Work item
Copy out exactly the lines spanning the line with "Серьги с 2 сапфирами" to the line with "タッチインタラクション機能森", inclusive, from the data underneath, with no pictures.

Top of Records shown

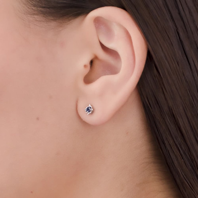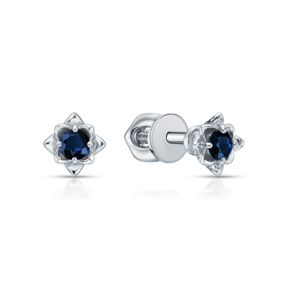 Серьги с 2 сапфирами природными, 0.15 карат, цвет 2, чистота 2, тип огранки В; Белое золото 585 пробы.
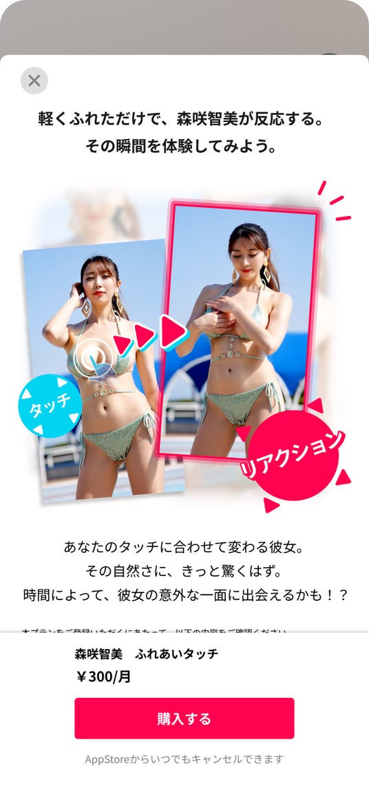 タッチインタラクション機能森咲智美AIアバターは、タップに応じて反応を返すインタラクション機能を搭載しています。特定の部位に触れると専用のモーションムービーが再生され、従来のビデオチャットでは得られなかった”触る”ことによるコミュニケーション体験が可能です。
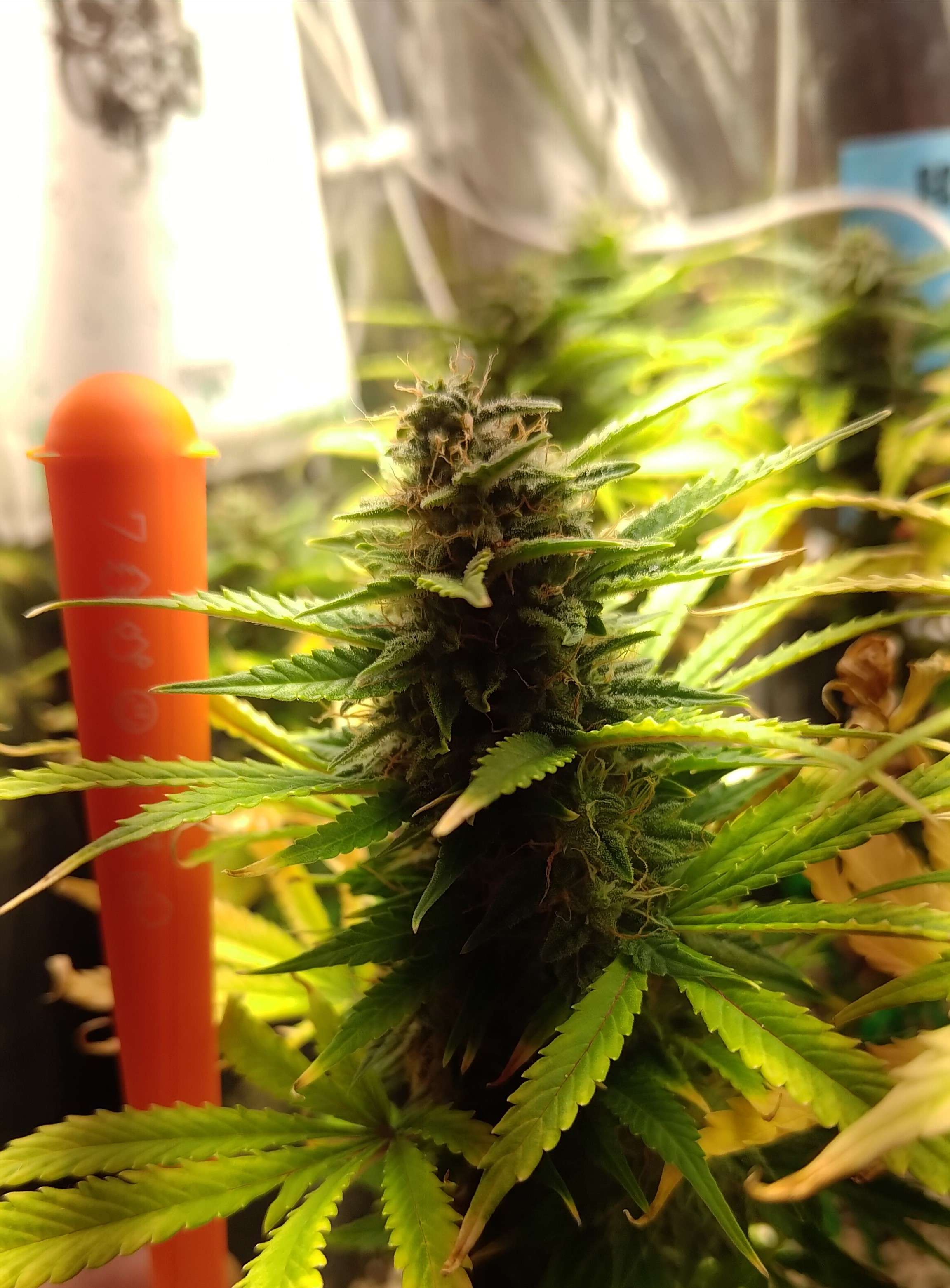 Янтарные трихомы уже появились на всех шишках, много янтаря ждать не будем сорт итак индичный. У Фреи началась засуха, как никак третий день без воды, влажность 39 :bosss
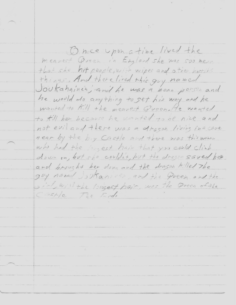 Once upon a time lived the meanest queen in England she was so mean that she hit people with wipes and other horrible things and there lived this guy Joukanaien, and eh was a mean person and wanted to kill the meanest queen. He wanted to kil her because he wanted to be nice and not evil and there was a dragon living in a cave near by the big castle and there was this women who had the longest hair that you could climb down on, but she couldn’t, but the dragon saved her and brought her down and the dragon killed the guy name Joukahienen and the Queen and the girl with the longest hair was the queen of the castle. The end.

Bottom of Records shown
Top of Records shown

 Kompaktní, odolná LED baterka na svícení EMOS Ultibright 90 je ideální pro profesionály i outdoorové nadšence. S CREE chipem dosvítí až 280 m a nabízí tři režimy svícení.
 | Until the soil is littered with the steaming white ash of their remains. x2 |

Bottom of Records shown
Top of Records shown

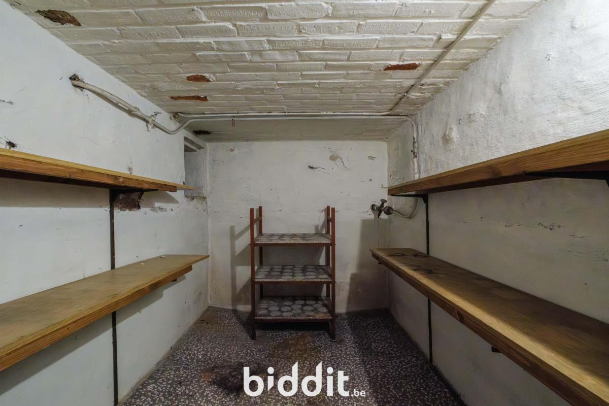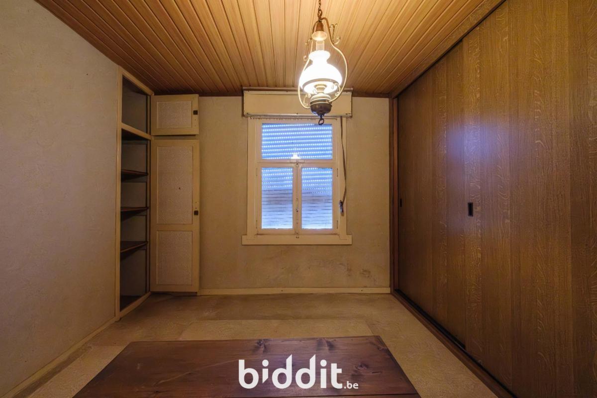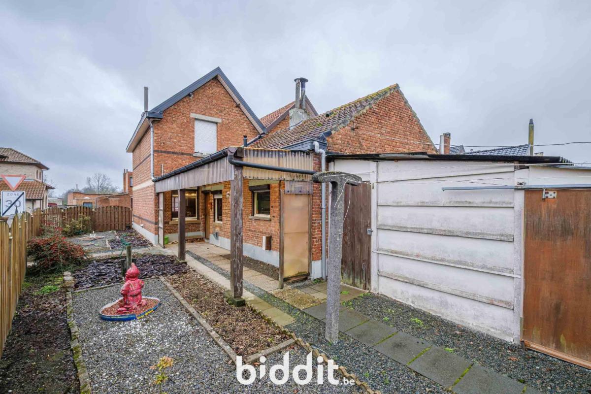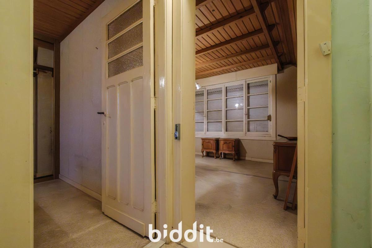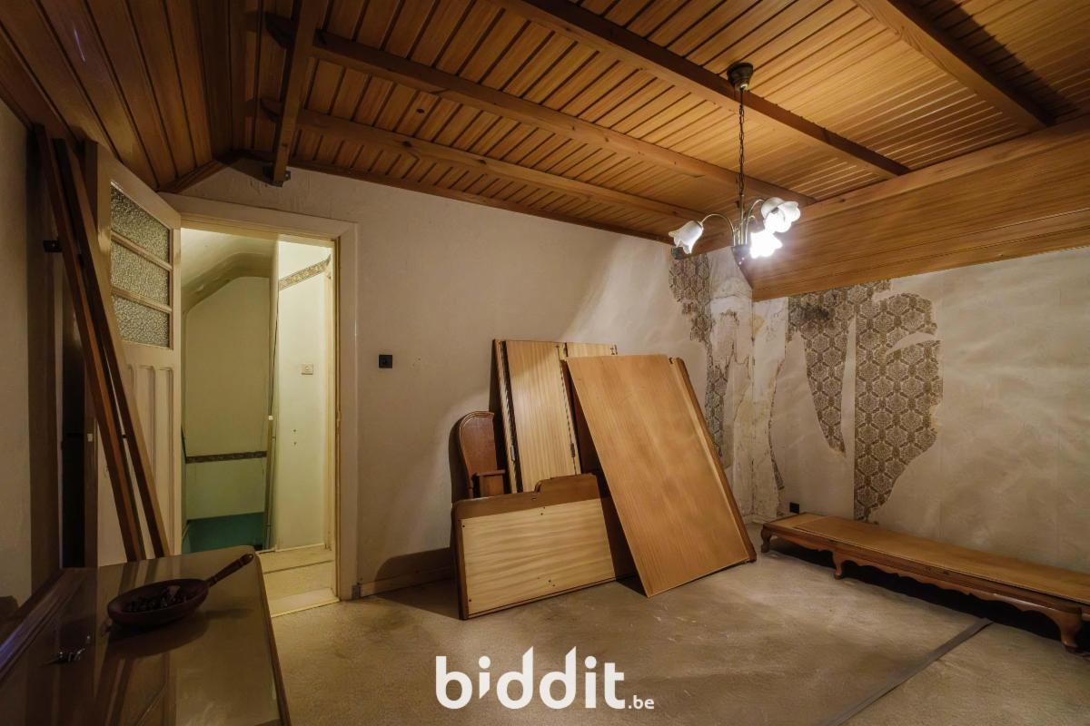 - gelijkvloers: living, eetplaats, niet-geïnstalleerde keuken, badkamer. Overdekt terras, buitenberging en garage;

Bottom of Records shown

Written answer
 Серьги с 2 сапфирами природными, 0.15 карат, цвет 2, чистота 2, тип огранки В; Белое золото 585 пробы.
 タッチインタラクション機能森咲智美AIアバターは、タップに応じて反応を返すインタラクション機能を搭載しています。特定の部位に触れると専用のモーションムービーが再生され、従来のビデオチャットでは得られなかった”触る”ことによるコミュニケーション体験が可能です。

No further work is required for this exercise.